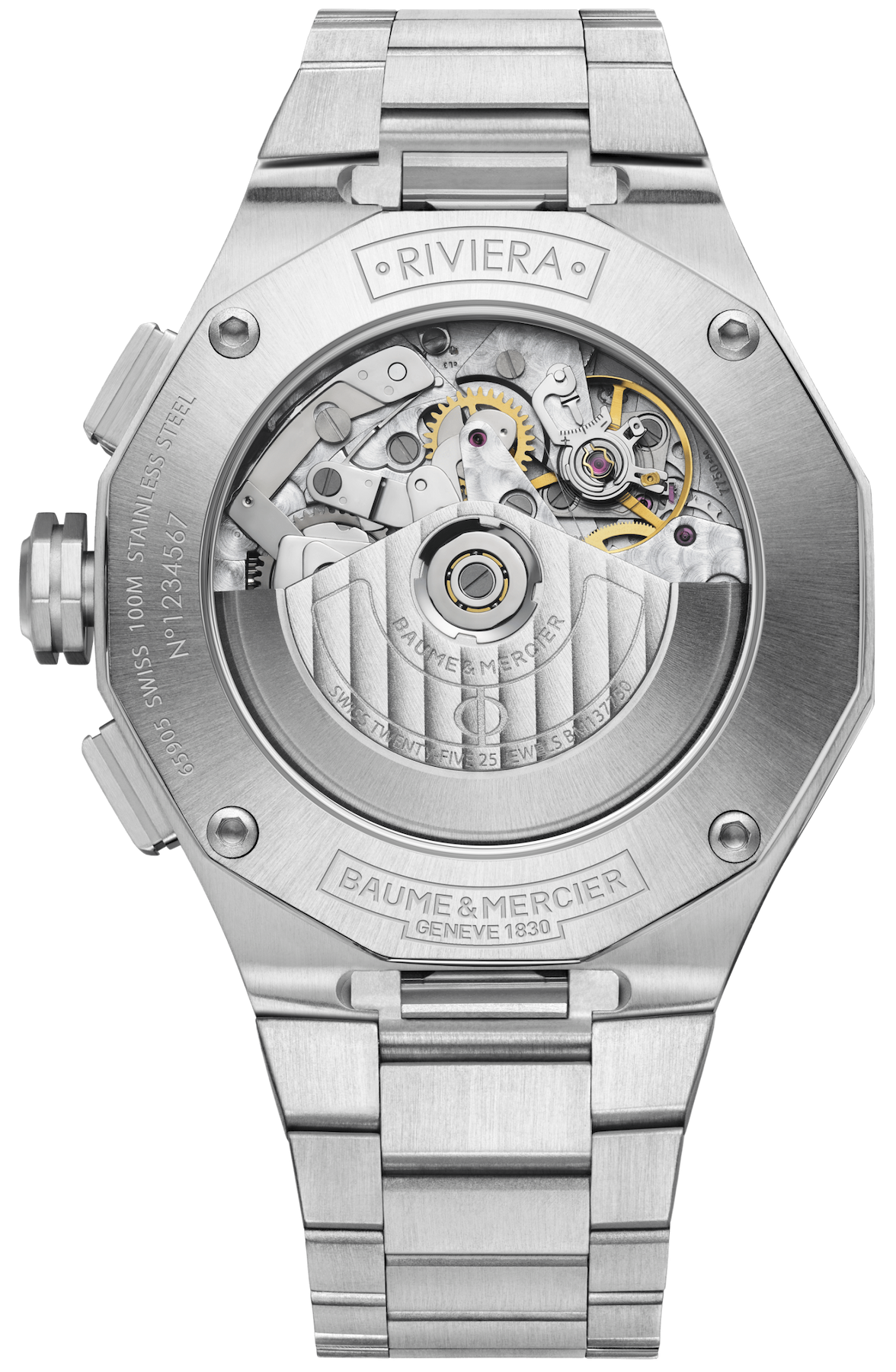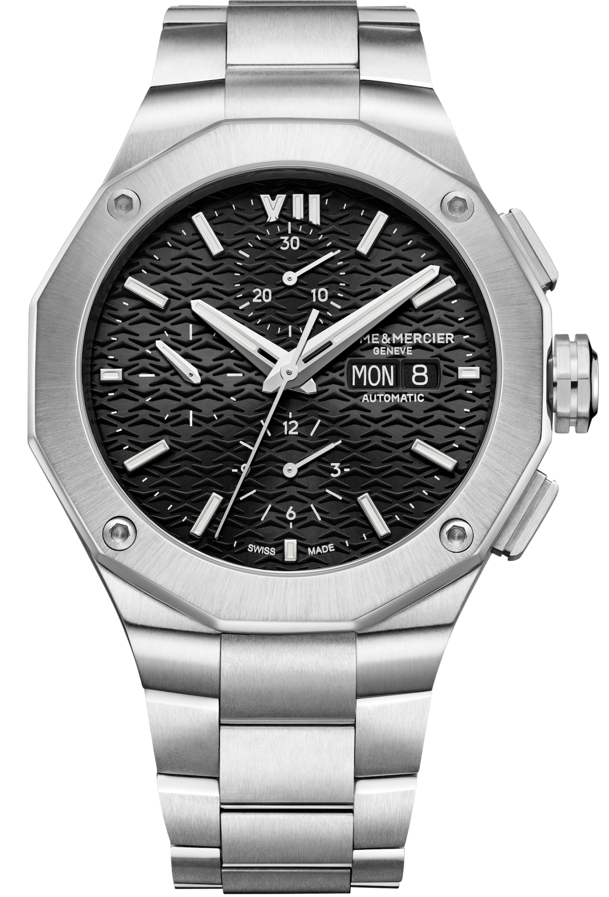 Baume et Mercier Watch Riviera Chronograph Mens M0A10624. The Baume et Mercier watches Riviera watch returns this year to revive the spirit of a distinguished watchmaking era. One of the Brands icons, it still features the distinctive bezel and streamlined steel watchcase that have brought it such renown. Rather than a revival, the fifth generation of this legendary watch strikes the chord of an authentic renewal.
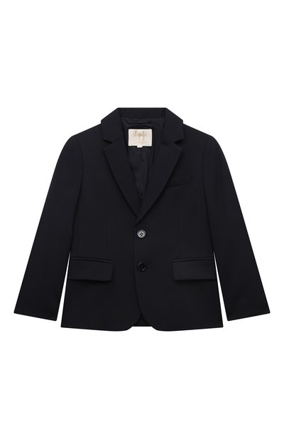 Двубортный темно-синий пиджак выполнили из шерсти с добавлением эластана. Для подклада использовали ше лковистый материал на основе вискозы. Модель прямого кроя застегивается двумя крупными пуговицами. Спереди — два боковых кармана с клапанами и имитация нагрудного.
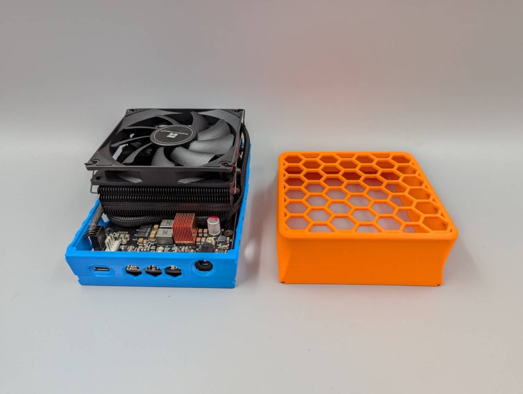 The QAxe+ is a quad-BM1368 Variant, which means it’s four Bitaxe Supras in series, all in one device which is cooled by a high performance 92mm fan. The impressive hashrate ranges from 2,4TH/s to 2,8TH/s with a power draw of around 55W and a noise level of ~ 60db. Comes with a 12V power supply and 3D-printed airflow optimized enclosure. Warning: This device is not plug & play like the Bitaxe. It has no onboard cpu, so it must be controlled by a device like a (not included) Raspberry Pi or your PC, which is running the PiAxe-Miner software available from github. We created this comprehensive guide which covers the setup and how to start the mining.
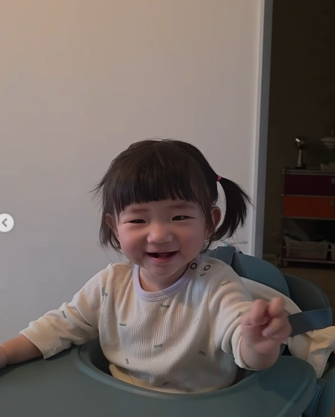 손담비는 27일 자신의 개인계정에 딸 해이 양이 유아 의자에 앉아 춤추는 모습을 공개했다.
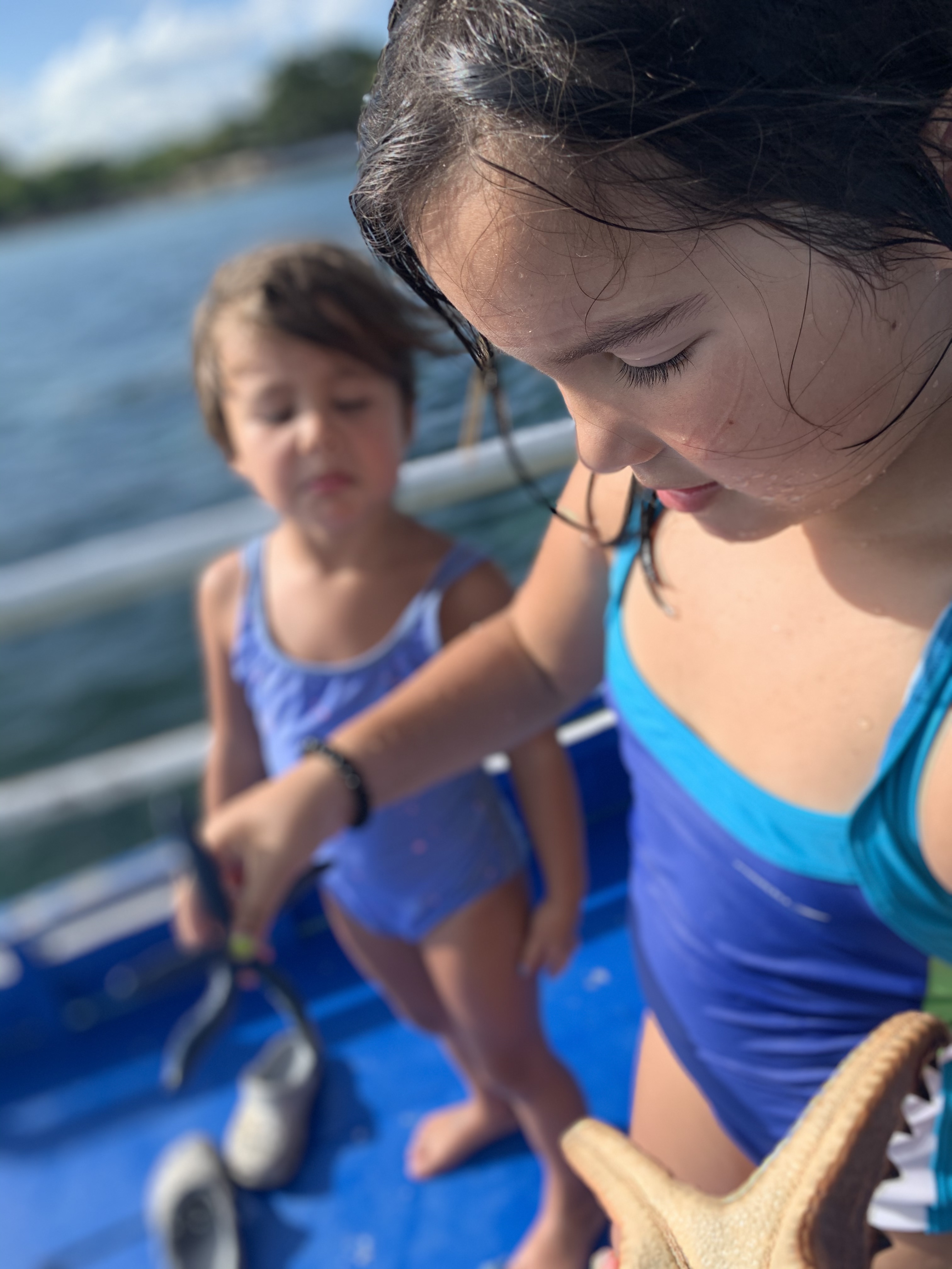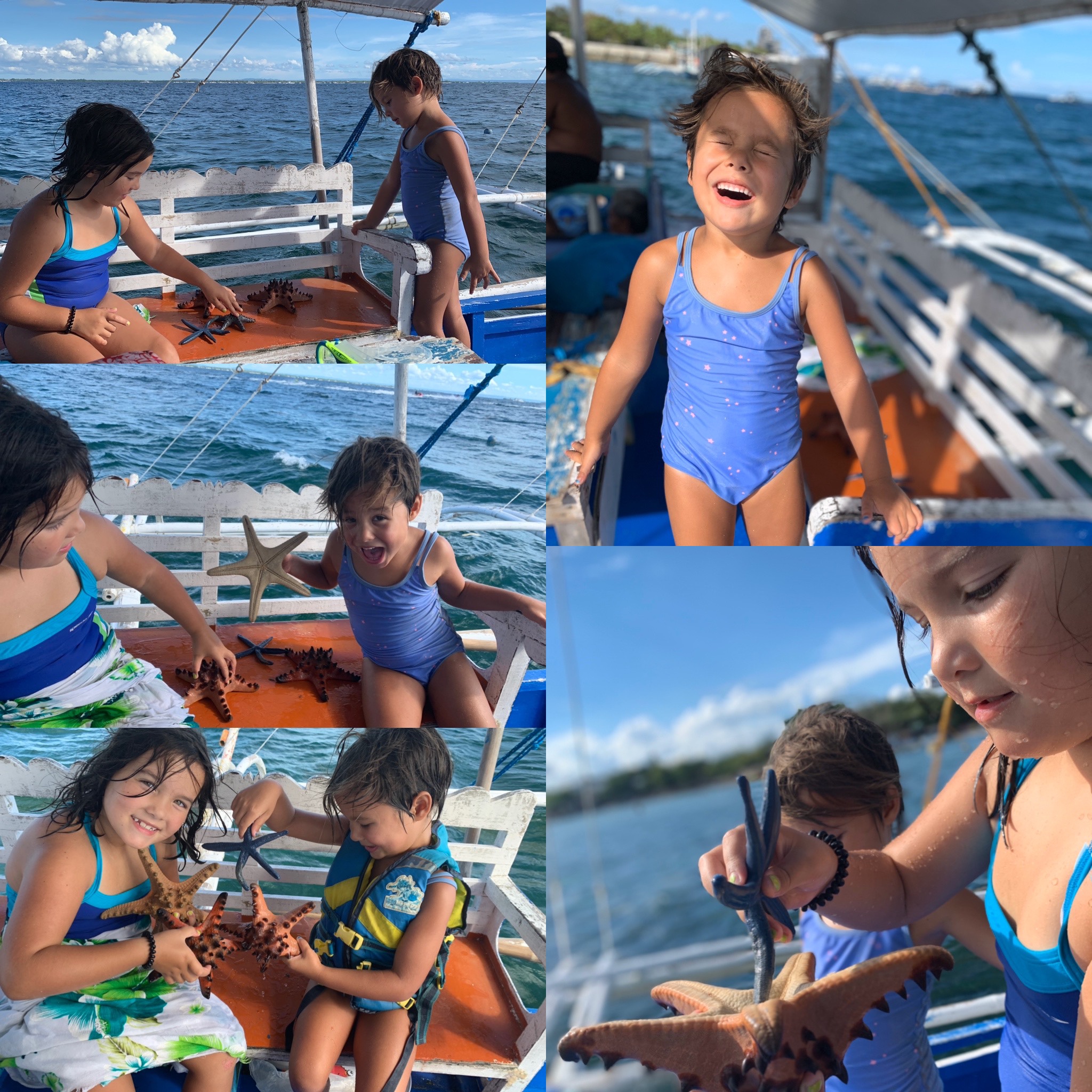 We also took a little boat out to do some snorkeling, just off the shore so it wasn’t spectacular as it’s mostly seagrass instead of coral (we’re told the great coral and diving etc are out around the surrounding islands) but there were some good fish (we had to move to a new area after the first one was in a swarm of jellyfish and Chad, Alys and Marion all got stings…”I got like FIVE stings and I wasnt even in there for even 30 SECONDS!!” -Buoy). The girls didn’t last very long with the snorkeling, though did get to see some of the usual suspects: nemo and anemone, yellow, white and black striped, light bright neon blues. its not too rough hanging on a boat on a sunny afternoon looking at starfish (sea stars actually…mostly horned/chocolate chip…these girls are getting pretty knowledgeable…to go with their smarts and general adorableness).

→ What is required
When you retype the listing above, keep each line exactly as written and drop the pictures.

→ Answer to this problem
 Baume et Mercier Watch Riviera Chronograph Mens M0A10624. The Baume et Mercier watches Riviera watch returns this year to revive the spirit of a distinguished watchmaking era. One of the Brands icons, it still features the distinctive bezel and streamlined steel watchcase that have brought it such renown. Rather than a revival, the fifth generation of this legendary watch strikes the chord of an authentic renewal.
 Двубортный темно-синий пиджак выполнили из шерсти с добавлением эластана. Для подклада использовали ше лковистый материал на основе вискозы. Модель прямого кроя застегивается двумя крупными пуговицами. Спереди — два боковых кармана с клапанами и имитация нагрудного.
 The QAxe+ is a quad-BM1368 Variant, which means it’s four Bitaxe Supras in series, all in one device which is cooled by a high performance 92mm fan. The impressive hashrate ranges from 2,4TH/s to 2,8TH/s with a power draw of around 55W and a noise level of ~ 60db. Comes with a 12V power supply and 3D-printed airflow optimized enclosure. Warning: This device is not plug & play like the Bitaxe. It has no onboard cpu, so it must be controlled by a device like a (not included) Raspberry Pi or your PC, which is running the PiAxe-Miner software available from github. We created this comprehensive guide which covers the setup and how to start the mining.
 손담비는 27일 자신의 개인계정에 딸 해이 양이 유아 의자에 앉아 춤추는 모습을 공개했다.
 We also took a little boat out to do some snorkeling, just off the shore so it wasn’t spectacular as it’s mostly seagrass instead of coral (we’re told the great coral and diving etc are out around the surrounding islands) but there were some good fish (we had to move to a new area after the first one was in a swarm of jellyfish and Chad, Alys and Marion all got stings…”I got like FIVE stings and I wasnt even in there for even 30 SECONDS!!” -Buoy). The girls didn’t last very long with the snorkeling, though did get to see some of the usual suspects: nemo and anemone, yellow, white and black striped, light bright neon blues. its not too rough hanging on a boat on a sunny afternoon looking at starfish (sea stars actually…mostly horned/chocolate chip…these girls are getting pretty knowledgeable…to go with their smarts and general adorableness).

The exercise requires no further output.